- Born: Archibaldo Burns Luján 7 April 1914 Mexico City
- Died: 24 January 2011 (aged 96) Mexico City
- Occupations: Director; producer; screenwriter;
- Spouse(s): Lucinda Urrusti (1948–1954) Beatrice Trueblood (née Aboltins)
- Parents: Archibaldo Burns (father); Carmen Luján Zuloaga (mother);

= Archibaldo Burns =

Mexican film director and screenwriter

Archibaldo Burns Luján (7 April 1914 - 24 January 2011) was a Mexican writer and film director. He was born in Mexico City in 1914. He is the descendant of the Scottish poet Robert Burns.

==Career as film director==
He was sent to Europe at the age of 12, studying in England and then France. Upon his return to Mexico, he administered the cotton ranches of his family in Torreón, Coahuila. At the same time, he became interested in cinema. His first collaboration was with Alejandro Galindo in Refugiados en Madrid (1938). He also worked with Chano Urueta in La noche de los mayas (1939).

His first solo effort as director was the short film Perfecto luna (1959), based on a story by Elena Garro.
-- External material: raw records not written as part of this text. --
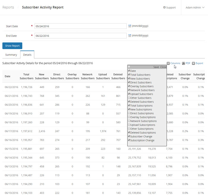 The Details view provides a daily snapshot of all of the data metrics from the Summary view and also includes columns for both subscriber and subscription percentage growth per day. The check mark in the top right corner of the Details view allows you to activate or deactivate specific columns to meet your preferences and the needs of your agency.
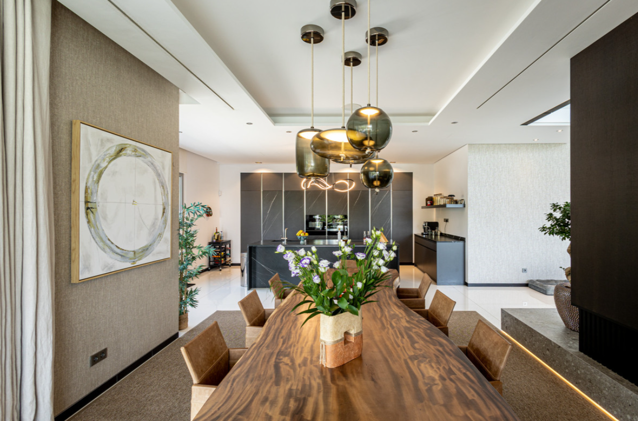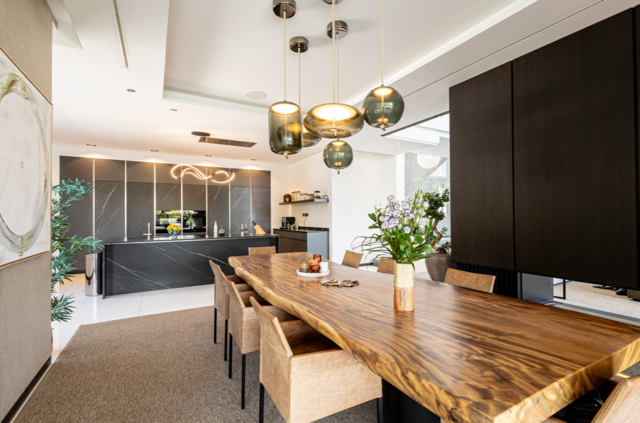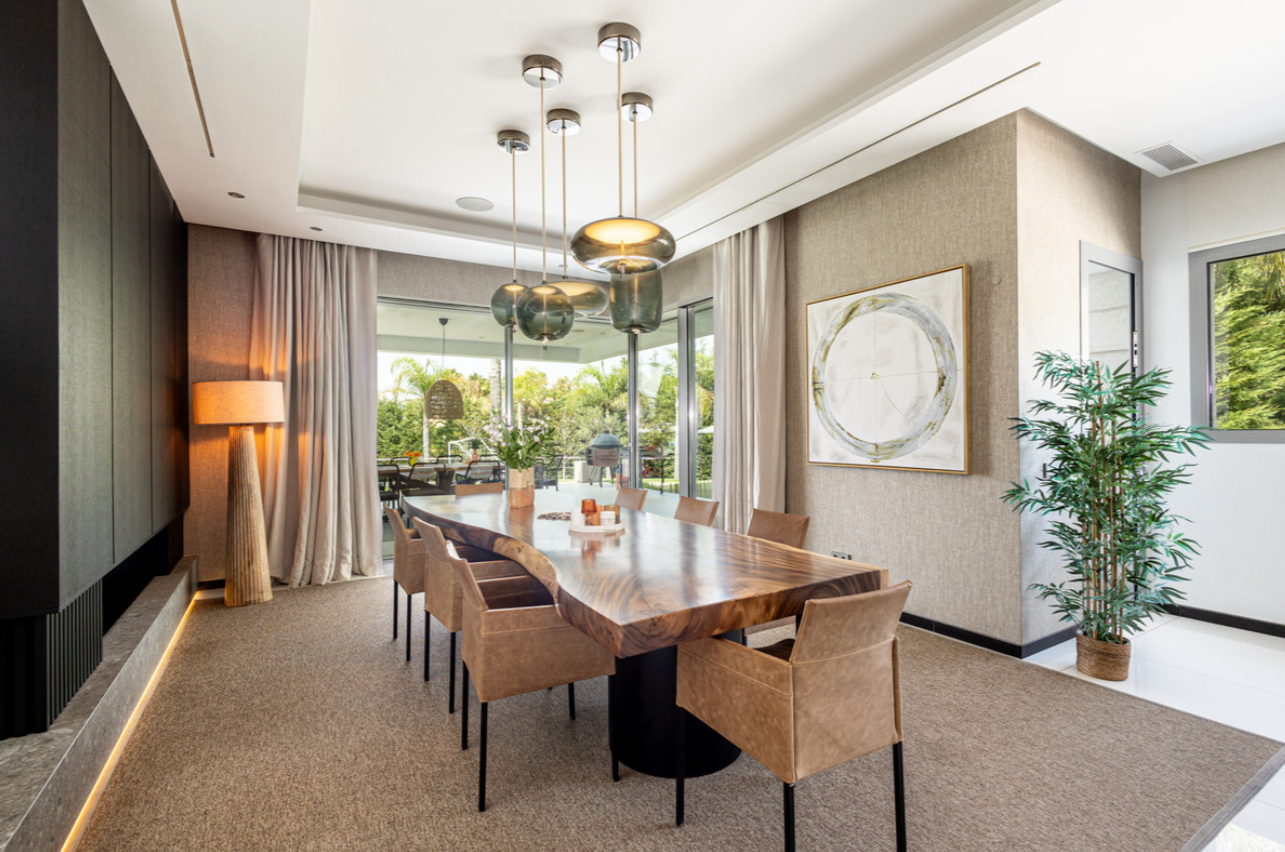 Set on a fully enclosed corner plot, the villa is surrounded by a lush tropical garden with meticulously maintained lawns and a stunning private swimming pool complete with sunbathing areas. The interior, designed by renowned designer Heidi Gubbins, blends top-quality materials with a sophisticated palette of warm tones, adding character and elegance to every room.
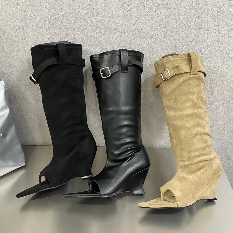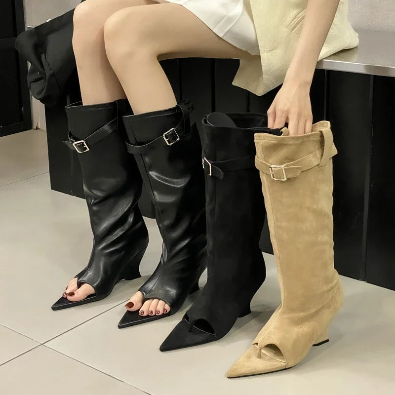 Autumn Fashion Pointed Clip Toe Knee-High Women Boots Sandals

This movie was entered at the Cannes Film Festival but had the misfortune of being shown in a defective copy. It was lost in a fire at the former Cineteca Nacional in Mexico City.

Burns made his feature film debut with Juego de mentiras (1967); it was later released commercially under the title La venganza de la criada. Other films such as Juan Pérez Jolote (1973), adapted from a novel by Ricardo Pozas, and the short film Un agujero en la niebla (1967) won awards at international film festivals. He also adapted and directed Oficio de tinieblas (1979), based on a novel by Rosario Castellanos.

Some of his films suffered the censure of censors, such as El reventón (1975).

==As a writer==
As a writer, Burns has published novels (En presencia de nadie, 1964 and Botafumeiro, 1994) and short stories (Los presentes, 1954 and El Cuerpo y el delito, 1966). He was a student of Seki Sano, the Japanese director who taught in Mexico for many years. As a theatre director, he staged La paloma de Amuy by Jean Anouilh in 1953.